Multimodal LLMs Flashcards
(20 cards)
What is the main limitation of context-free word embeddings like Word2Vec and GloVe?
They assign the same embedding to a word regardless of its context
In transformer models, the purpose of positional encoding is to:
Encode the sequence order of tokens
Which of the following is true about self-attention?
It compares elements within the same sequence
Which task is BERT primarily designed for?
Masked Language Modeling
What is the role of the query in a cross-attention mechanism?
To query information from keys and values from another modality
In CLIP, the Image Encoder is most commonly based on which architecture?

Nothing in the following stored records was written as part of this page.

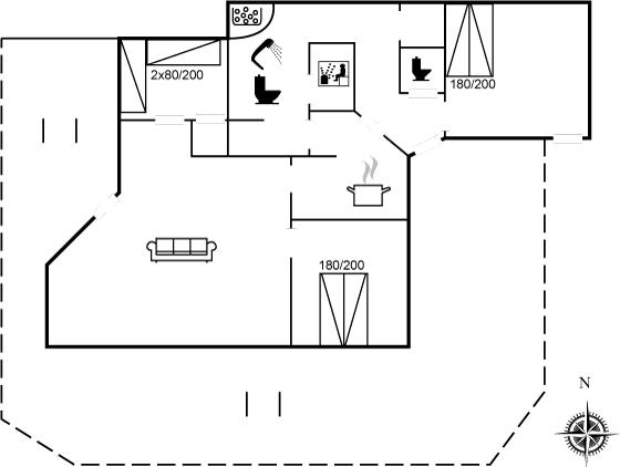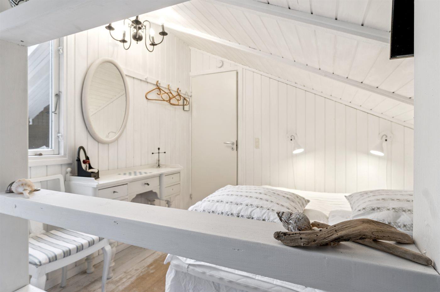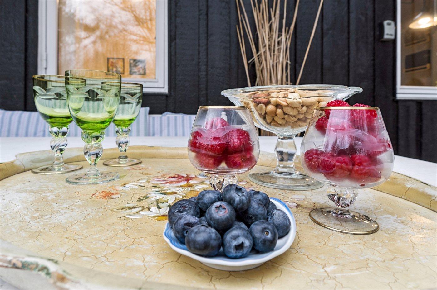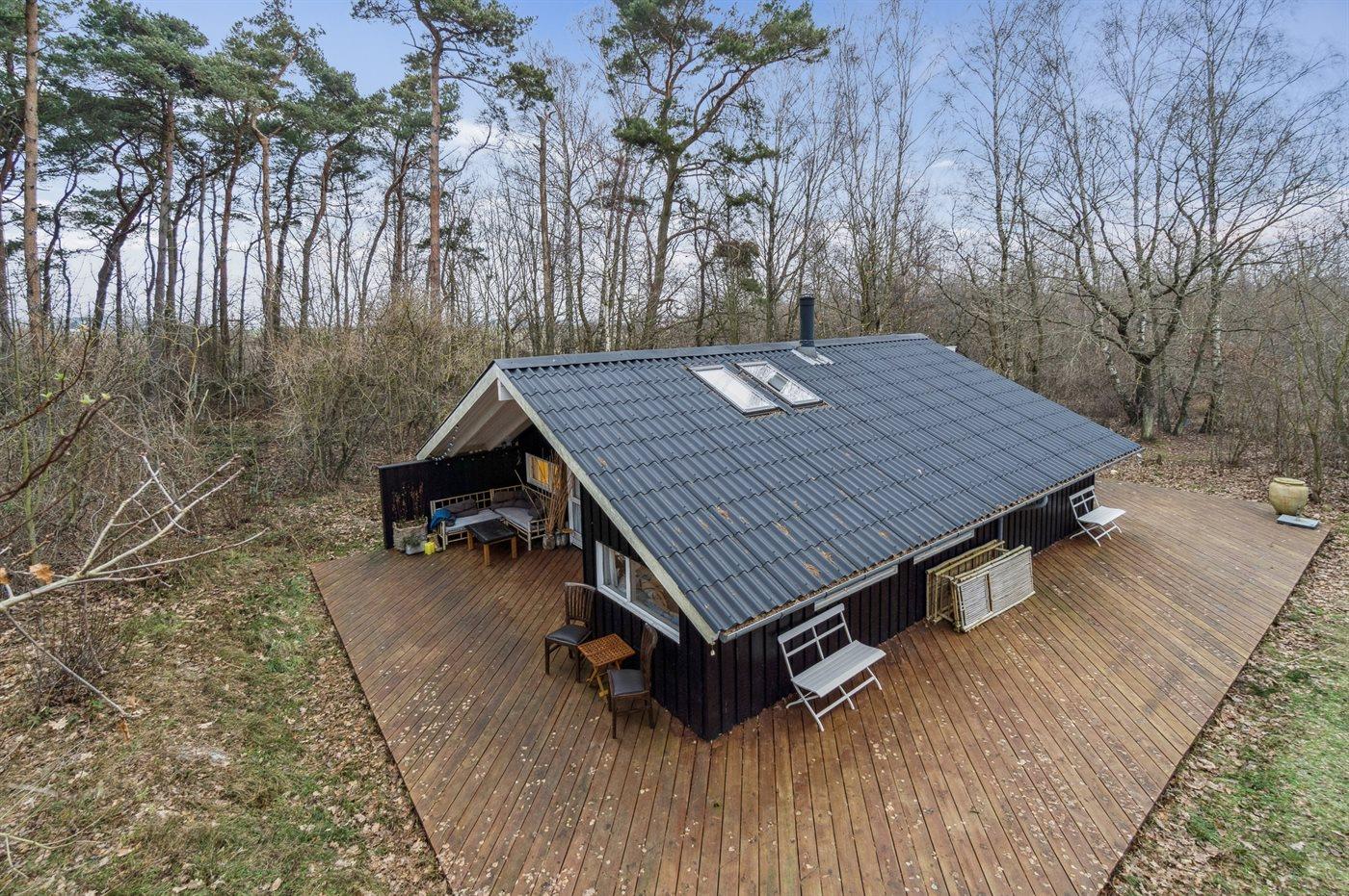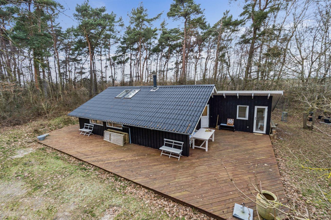 Huset byder på en større delvist overdækket træterrasse, så man kan nyde naturen, vejret og freden og roen i dette sommerhusområde. Især de store ovenlysvinduer giver et lyst interiør i stuen og køkkenet, så man virkelig kan nyde det velmøblerede feriehus, hvor der er gjort meget for, at der skal være en rød tråd i den samlede oplevelse af huset.
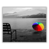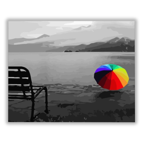 Szivárványos esernyő - számfestő készlet – 40×50 cm (Keret nélkül) A kép csendes melankóliát áraszt, miközben a színes esernyő élénksége reményt sugall a szürke tónusú tájban. Egy magányos történet bontakozik ki, ahol az esernyő a változás és az újrakezdé
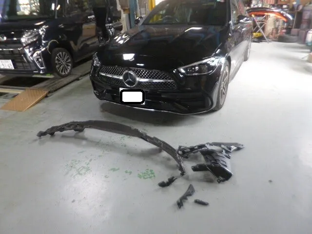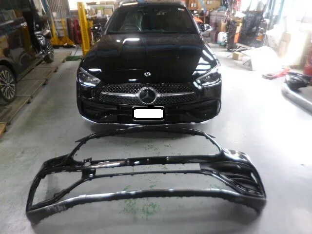 富士市 鈑金塗装 ベンツC200 フロントバンパー交換 塗装修理
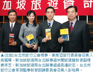 新加坡旅遊局於1/17在台北市旅行商業同業公會舉辦旅遊資訊推廣及介紹,台北市旅行公會理事/東南亞旅行委員會召集人吳雁輝表示,「此次特別在公會舉辦新旅局旅遊資訊推廣會,藉此讓會員多一個管道可更加了解銷售的產品。」
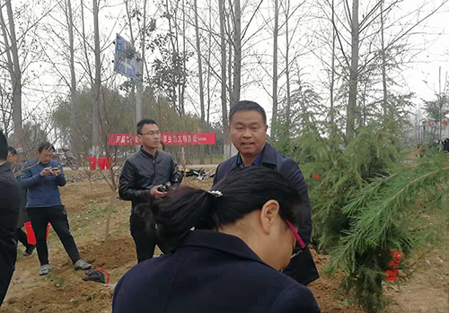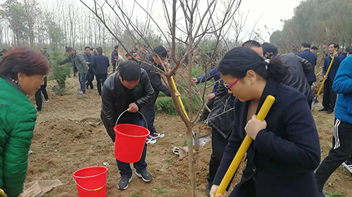 當(dāng)天下午雖然暖陽(yáng)照射,但初冬的鹿邑大地仍是涼風(fēng)習(xí)習(xí)。不過(guò)這一點(diǎn)兒也沒(méi)有影響到大家的心情。一到植樹(shù)現(xiàn)場(chǎng),梁建松、李剛等領(lǐng)導(dǎo)就和大家一起興致勃勃地拿起鐵鍬等工具忙碌起來(lái),揮鍬鏟土,扶樹(shù)填土,澆水正苗,每道工序都做得認(rèn)真細(xì)致、一絲不茍。
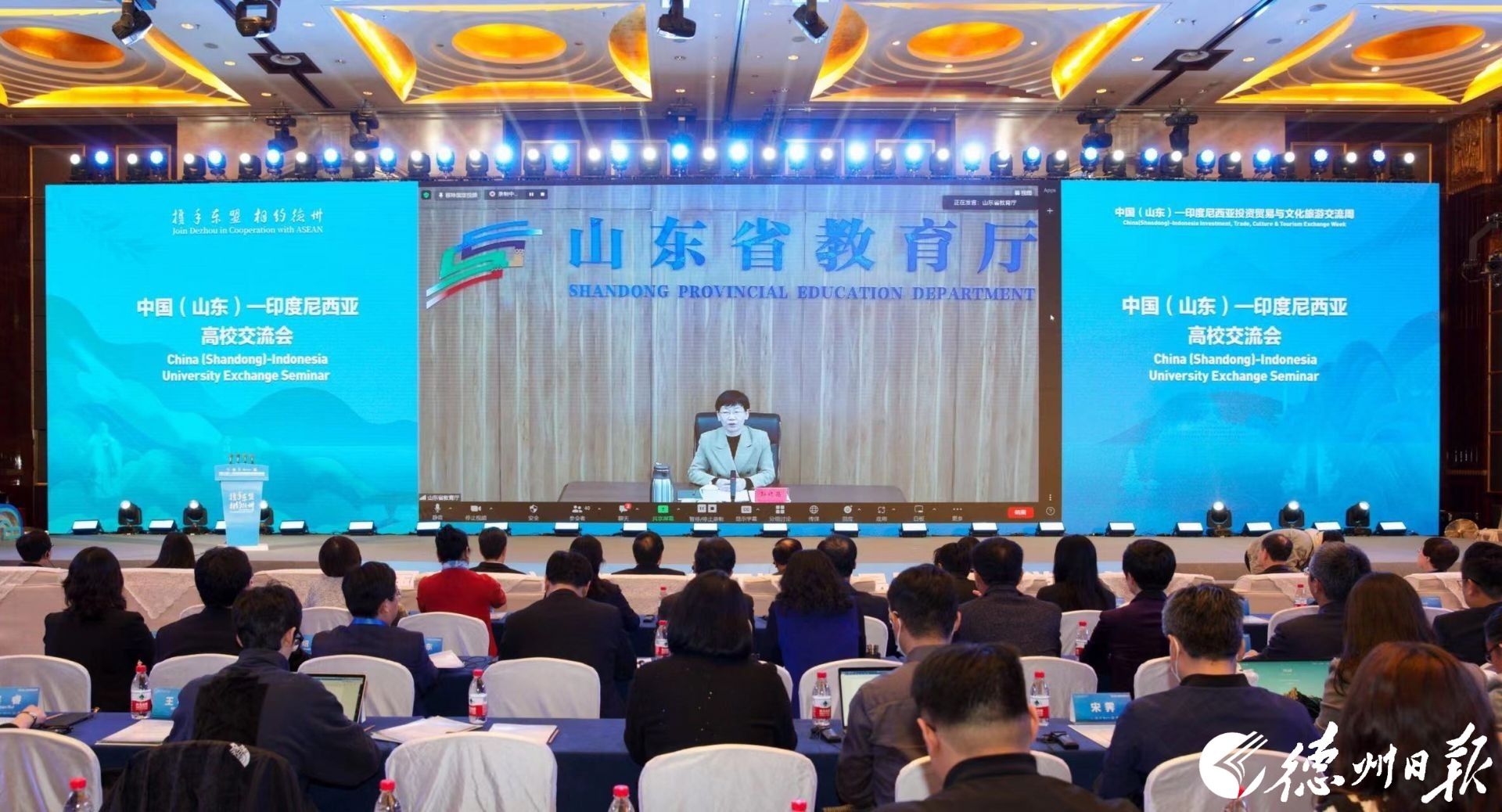 3月23日,中国(山东)—印度尼西亚高校交流会举办。印度尼西亚驻华大使周浩黎,中国—东盟中心秘书长史忠俊,省委外办副主任孙业宝,省教育厅副厅长孙晓筠,副市长陈晓强,德州学院党委书记车滨通过线上或线下方式参加活动。

ResNet or Vision Transformer (ViT)
Which architecture uses masked self-attention to prevent tokens from seeing future tokens during training?
Decoder-only Transformers
In multimodal retrieval, cosine similarity is used to:
Compute distances between image and text embeddings
Which type of tokenization is typically used in modern LLMs to handle rare words efficiently?
Subword tokenization
In Vision Transformers (ViT), the input image is first:
Split into patches and embedded
Which of the following are advantages of using word embeddings?
A) Fixed vector length
B) Independent of vocabulary size
C) Direct interpretation of sentence grammar
D) Quantifiable semantic similarity
Fixed vector length; Quantifiable semantic similarity
Which layers or blocks are typically involved in the Transformer encoder?
A) Multi-head self-attention
B) Feed-forward networks
C) Positional encoding
D) Convolutional layers
Multi-head self-attention; Feed-forward networks; Positional encoding
In the Attention mechanism, which components must have the same dimensionality?
A) Queries
B) Keys
C) Values
D) Embeddings
Queries; Keys
Which tasks are mentioned as applications for multimodal transformers?
A) Image Captioning
B) Vision Question Answering (VQA)
C) Text Summarization
D) Speech Recognition
Image Captioning; Vision Question Answering (VQA); Speech Recognition
Which of the following are properties required for positional encoding?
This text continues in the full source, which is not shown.